People do open source for lots of reasons. One reason that I do open source is because I enjoy it...
Recently I had fun connecting Okio to zlib. It even had fun side quests:
- I learned about zlib, info-zip, PKZip, and how they relate. Sometimes a project’s logo tells you a lot!
- I studied real-world .zip files and learned that most .zip file writers aren’t ready for 2038.
- I got to do date math for DOS and NTFS!
If I were writing this code just to solve a business problem, I wouldn’t have spent so much time on the fun little details. And that reminds me of this devastating quote:
“Audiophiles don't use their equipment to listen to your music. Audiophiles use your music to listen to their equipment.”
I claim the programmer analogue: I don’t write software to solve business problems. I solve business problems to write software.
Fun?
There’s a flaw in my argument. If I’m writing software for fun, shouldn’t I be writing software that is more fun than .zip files? Like games, graphics, music, or poetry?

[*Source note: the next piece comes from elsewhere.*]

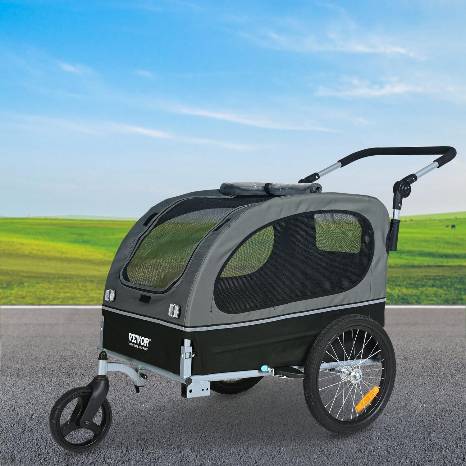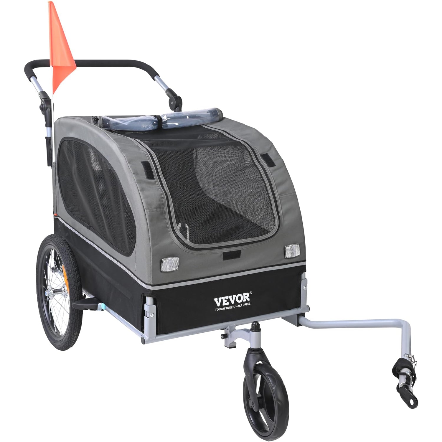 VEVOR Dog Bike Trailer, Supports up to 88 lbs, 2-in-1 Pet Stroller Cart Bicycle Carrier, Easy Folding Cart Frame with Quick Release Wheels, Universal Bicycle Coupler, Reflectors, Flag, Black/Gray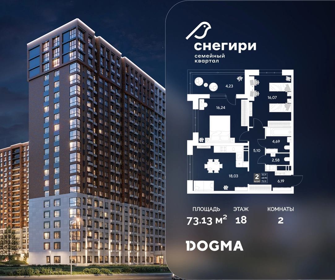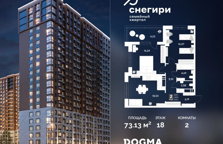 В продаже 2-комнатная квартира от застройщика DOGMA! ЖК «Снегири», г. Омск, Литер 2 Срок сдачи: (4 кв. 2027, общей площадью 73.13 кв.м., на 18 этаже.) Район для счастливой жизни«Снегири» — это семейный квартал, который дарит радость простых вещей: тепло дома, безопасность и живую природу рядом.

There are a bunch of conventionally fun things that compete with open source for my leisure time. I wanna finish the Burning Shores expansion of Horizon Forbidden West. I wanna play more Terraforming Mars. I wanna write & illustrate a kids book.
One recent competitor for my time was Zelda: Link’s Awakening. In it, a bear character asked me for honey and I spend an hour to make him happy! I searched the world for honey, stole it from some bees, and delivered it to an enthusiastic bear. Bringing honey to an NPC bear is fun.
Zelda
Sometimes open source issue trackers are just lists of tasks to complete.
But sometimes they’re a place where interesting characters suggest fun quests that I can do. Maybe an imaginary bear says ‘I wish I could open honey.zip!’ Or maybe a real person, is trying to fix the darn FileSystem.SYSTEM
visibility.
Advice
When you’re asking open source project maintainers to do work for you, try to make it fun!